Glucocorticoid drugs such as prednisone have proven effective in treating individuals with CIDP. In many cases, individuals with CIDP may respond to corticosteroid treatment alone. However, individuals requiring high doses of corticosteroid drugs may experience side effects that deter long-term therapy. Corticosteroids may also be used in conjunction with other drugs such as those that suppress the immune system (immunosuppressive drugs). Azathioprine, mycophenolate, methotrexate, cyclosporine and cyclophosphamide are immunosuppressive drugs that have been used to treat CIDP but have not been proven to be effective in large patient trials.
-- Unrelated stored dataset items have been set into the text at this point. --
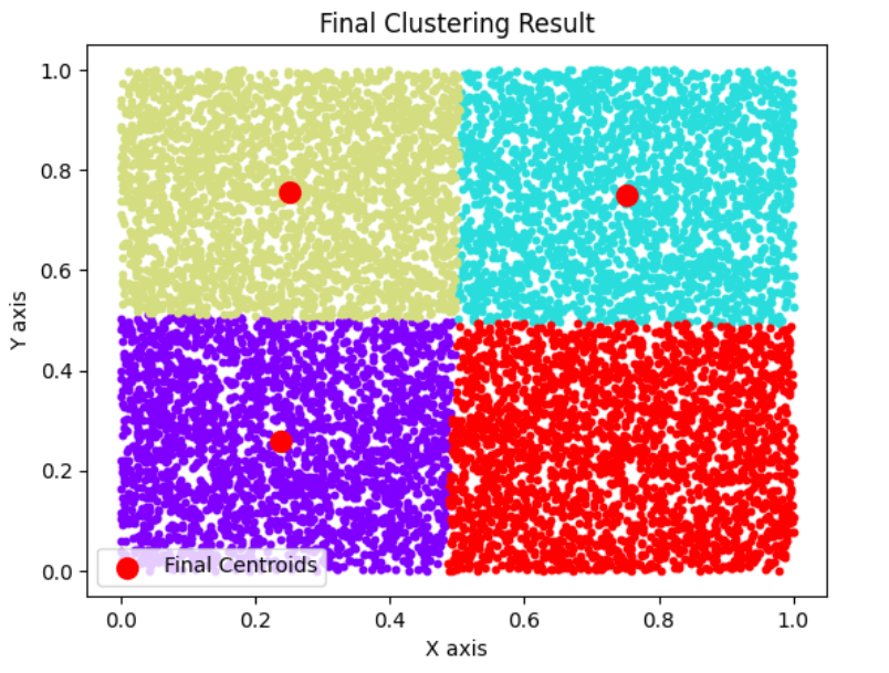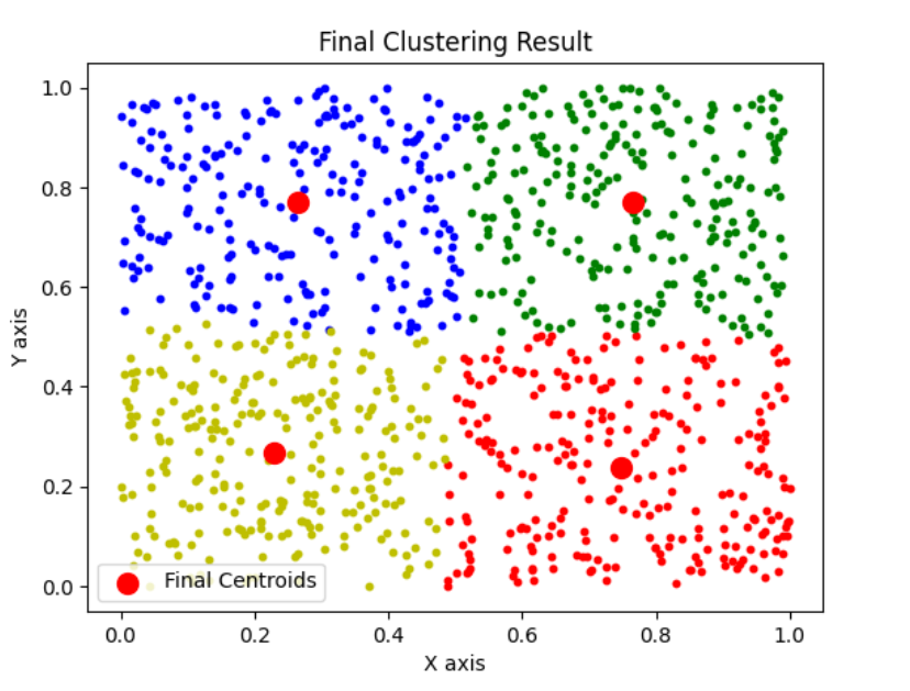 # 绘制最终的聚类结果colors = [‘r’, ‘b’, ‘y’, ‘g’]for j in range(k): plt.scatter(X[labels == j, 0], X[labels == j, 1], s=10, c=colors[j])plt.scatter(centroids[:, 0], centroids[:, 1], s=100, c=‘red’, marker=‘o’, label=‘Final Centroids’)plt.title(‘Final Clustering Result’)plt.xlabel(‘X axis’)plt.ylabel(‘Y axis’)plt.legend()plt.show()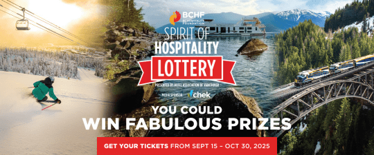 [Vancouver, BC] The BC Hospitality Foundation (BCHF) proudly announces the launch of the 7th Annual Spirit of Hospitality Lottery, running from September 15 to October 30, 2025. Sponsored by the Hotel Association of Vancouver and CHEK News, this year’s lottery aims to raise $65,000 to help hospitality and tourism workers across the province who are facing financial crises due to health challenges.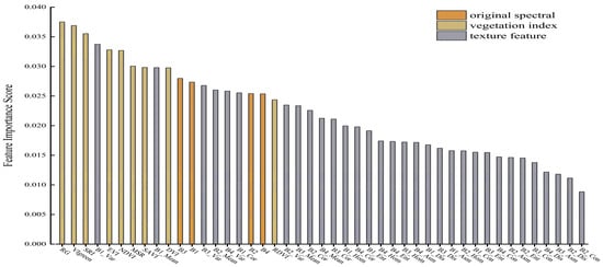 The combination of multiple feature variables is an effective means to improve the classification accuracy of remote sensing images. This study used 45 feature variables, including original bands, vegetation indices, and texture features, for model training. The original bands are the average spectral reflectance of four bands: Blue, Green, Red, and NIR. The vegetation indices include nine indices: Simple Ratio Index (SRI) [17], Green Vegetation Index (VIgreen) [17], Normalized Difference Vegetative Index (NDVI) [36], Renormalized Difference Vegetation Index (RDVI) [17], Modified Simple Ratio (MSR) [44], Soil Adjusted Vegetation Index (SAVI) [45], Difference Vegetation Index (DVI) [35], Enhanced Vegetation Index (EVI) [6], and Red Green Ratio Index (RG) [46]. In high spatial resolution images, the texture information of different objects is particularly evident. The texture features used in this study are based on the Gray-Level Co-occurrence Matrix (GLCM) and include eight texture statistics: Mean, Variance, Entropy, Angular Second Moment, Homogeneity, Contrast, Dissimilarity, and Correlation. The calculation formulas for the feature variables are shown in Table 3.

Intravenous immunoglobulin (IVIG) has been proven to be effective and is often used as a treatment for chronic inflammatory demyelinating polyneuropathy. IVIG can enhance the immune system. Very high doses are usually used for initial treatment of CIDP and most patients require continued intermittent treatments. There is a clinical trial of a subcutaneous delivery of immunoglobulin that may be used instead of IVIG.
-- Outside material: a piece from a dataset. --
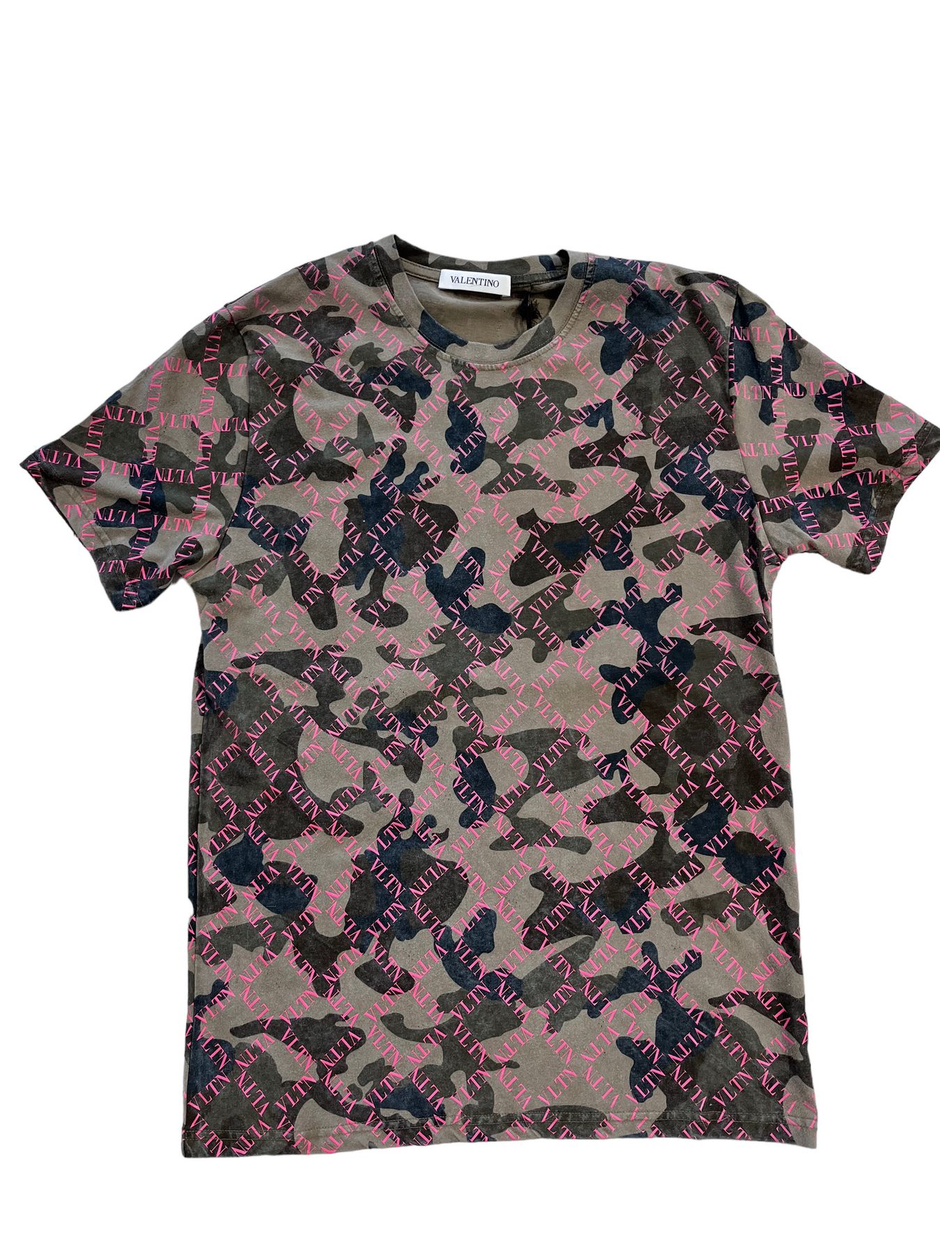 valentino t-shirt militare con logo rosa

Plasma exchange (PE) has also been shown to be of benefit in chronic inflammatory demyelinating polyneuropathy. This procedure is a method for removing unwanted substances (toxins, metabolic substances and plasma parts) from the blood. Blood is removed from an affected individual and blood cells are separated from plasma. The plasma is then replaced with other human plasma and the patient’s blood cells are transfused back into the affected individual, thus removing only the plasma and its constituents. Similar to IVIG, PE is effective only for a few weeks and may require chronic intermittent treatments.

 

There is a great deal of interest in using monoclonal antibodies to treat CIDP. Clinical trials are being developed to use rituximab, a monoclonal antibody against immune forming lymphocytes (B cells). Another monoclonal antibody under consideration is alemtuzumab which acts on both B cells and T cells, providing a broader attack on the immune system. Some of the agents that have been found to be effective in multiple sclerosis are now being considered for CIDP. A clinical trial treating patients with fingolimod, a drug that affects the ability of lymphocytes to contribute to immune function, is now underway.

 

Causes of autoimmune disorders are unknown, however certain foods can aggravate inflammation and make CIDP worse.

 

Foods to Avoid

Saturated fat and trans fats may increase pro-inflammatory markers, especially in people who are overweight or who have diabetes. Foods that are high in these types of unhealthy fat include red meat, butter, cheese and ice cream. In addition, most processed foods, including fast foods, frozen foods and soups, are made with synthetic trans fat. Sugar and refined carbohydrates may also increase inflammation responses in some people. In general, eating a high-calorie diet can contribute to chronic inflammation.

 

Foods to Include

Include a variety of fruits and vegetables in your diet for their natural anti-inflammatory properties. These types of food are a good source of antioxidants, which can limit the free radical damage in your body. Fruits and vegetables are high in various vitamins and minerals, such as vitamin D, which has known anti-inflammatory properties. Include essential fats in your diet that are high in omega-3 fatty acids. Certain fatty fish, such as tuna and salmon, are good sources of omega-3 fatty acids. You can also take a fish oil supplement.